Excalibur and the Pool
A variable is a handle in a namespace; it gives a name to a value, so
that we can recall it. Storing a value in a variable never causes an
exception to be thrown because the value cannot be stored. But it may,
reasonably, justifiably, throw an exception because the value violates
domain expectations. Furthermore, this exception can be either soft or
hard. We might throw a soft exception if someone stored, in a variable
representing the age of a person in years, the value 122. We don't
expect people to reach one hundred and twenty two years of age. It's
reasonable to flag back to whatever tried to set this value that it is
out of the expected range. But we should store it,
because it's not
impossible. If, however, someone tries to
store 372 in a variable representing longitude in degrees, we should
throw a hard exception and not store it, because that violates not
merely a domain expectation but a domain rule.

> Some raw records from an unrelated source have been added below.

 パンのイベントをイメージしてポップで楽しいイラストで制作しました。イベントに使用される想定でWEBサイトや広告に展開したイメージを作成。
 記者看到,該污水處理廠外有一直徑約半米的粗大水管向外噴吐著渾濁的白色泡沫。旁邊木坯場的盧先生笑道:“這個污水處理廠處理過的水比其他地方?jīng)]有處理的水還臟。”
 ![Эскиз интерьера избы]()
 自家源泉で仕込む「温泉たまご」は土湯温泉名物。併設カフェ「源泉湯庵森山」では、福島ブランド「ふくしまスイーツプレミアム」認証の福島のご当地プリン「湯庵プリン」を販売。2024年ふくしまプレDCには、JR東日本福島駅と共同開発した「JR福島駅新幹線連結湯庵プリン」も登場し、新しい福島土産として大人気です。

So a variable is more than just a name. It is a slot: a name with
some optional knowledge about what may reasonably be associated with
itself. It has some sort of setter method, and possibly a getter
method as well.
I've talked about variables, about names and values. Now I'll talk
about the most powerful abstraction I use - possibly the most powerful
abstraction in software - the namespace. A namespace is a sort of
pool into which we can throw arbitrary things, tagging each with a
distinct name. When we return to the pool and invoke a name, the thing in
the pool to which we gave that name appears.

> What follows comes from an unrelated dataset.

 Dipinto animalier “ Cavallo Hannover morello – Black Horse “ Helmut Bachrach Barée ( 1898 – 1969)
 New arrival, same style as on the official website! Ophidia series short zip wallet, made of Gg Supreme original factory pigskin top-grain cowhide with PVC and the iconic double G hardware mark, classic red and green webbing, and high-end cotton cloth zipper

Regularities: tables, classes, patterns
Database tables, considered as sets of namespaces, have a special
property: they are regular. Every namespace which is a record in the
same table has the same names. A class in a conventional object
oriented language is similar: each object in the class has the same
set of named instance variables. They match a pattern: they are in
fact constrained to match it, simply by being created in that table or
class.
Records in a table, and instance variables in a class, also have
another property in common. For any given name of a field or instance
variable, the value which each record or object will store under that
name is of the same type. If 'Age' is an integer in the definition of
the table or class, the Age of every member will be an integer. This
property is different from regularity, and, lacking a better word for
it, I'll call it homogeneity. A set of spaces which are regular
(i.e. share the same names) need not be homogeneous (i.e. share the
same value types for those names), but a set which is homogeneous must
be regular.
But records in a table, in a view, in a result set are normally in
themselves values whose names are the values of the key field. And the
tables and views, too, are values in a namespace whose names are the
table names, and so on up. Namespaces, like Russian dolls, can be
nested indefinitely. By applying names to the nested spaces at each
level, we can form a path of names to every space in the meta-space
and to each value in each space, provided that the meta-space forms an
acyclic directed graph (this is, after all, the basis of the XPath language. Indeed, we can
form paths even if the graph has cycles, provided every cycle in the
graph has some link back to the root.
Social mobility
It's pretty useful to gather together all objects in the data space
which match the same pattern; it's pretty useful for them all to have
distinct names. So the general concept of a regularity which is itself
a namespace is a useful one, even if the names have to be
gensymed.
To be in a class (or table), must a space be created in that class (or
table)? I don't see why. One of my earlier projects was an inference
engine called Wildwood, in which objects inferred their own class by
exploring the taxonomy of classes until they found the one in which
they felt most comfortable. I think this is a good model. You ought to
be able to give your dataspace a good shake and then pull out of it as
a collection all the objects which match any given pattern, and this
collection ought to be a namespace. It ought to be so even if the
pattern did not previously exist in the data space as the definition
of a table or class or regularity or whatever you care to call
it.
A consequence of this concept is that objects which acquire new
name-value pairs may move out of the regularity in which they were
created either to exist as stateless persons in the no-man's land of
the dataspace, or into a new regularity; or may form the seed around
which a new regularity can grow. An object which acquires a value for
one of its names which violates the validation constraints of one
homogeneity may similarly move out into no-man's land or into
another. In some domains, in some regularities, it may be a hard error
to do this (i.e. the system will prevent it). In some domains, in some
regularities, it may be a soft error (i.e. the system allows it under
protest). In some domains, in some regularities, it may be normal;
social mobility of objects will be allowed.
Permeability
There's another feature of namespaces which gets hard wired into
lots of software structures without very often being
generalised, and that is permeability, semi-translucency. In
my toolkit Jacquard, for example, values are first searched
for in the namespace of http parameters; if not found there,
in the namespace of cookies; next, in the
namespace of session variables, then in local configuration
parameters, finally in global configuration parameters. There
is in effect a layering of semi-translucent namespaces like
the veils of a dancer.
It's not a pattern that's novel or unique to Jacquard, of
course. But in Jacquard it's hard wired and in all the other
contexts in which I've seen this pattern it's hardwired. I'd
like to be able to manipulate the veils; to add, or remove, of
alter the layering. I'd like this to be a normal thing to be
able to do.
The Name of the Rose: normativeness and hegemony
I have a friend called Big Nasty. Not everyone, of course, calls him
Big Nasty. His sons call him 'Dad'. His wife calls him
'Norman'. People who don't know him very well call him 'Mr
Maxwell'. He does not have one true name.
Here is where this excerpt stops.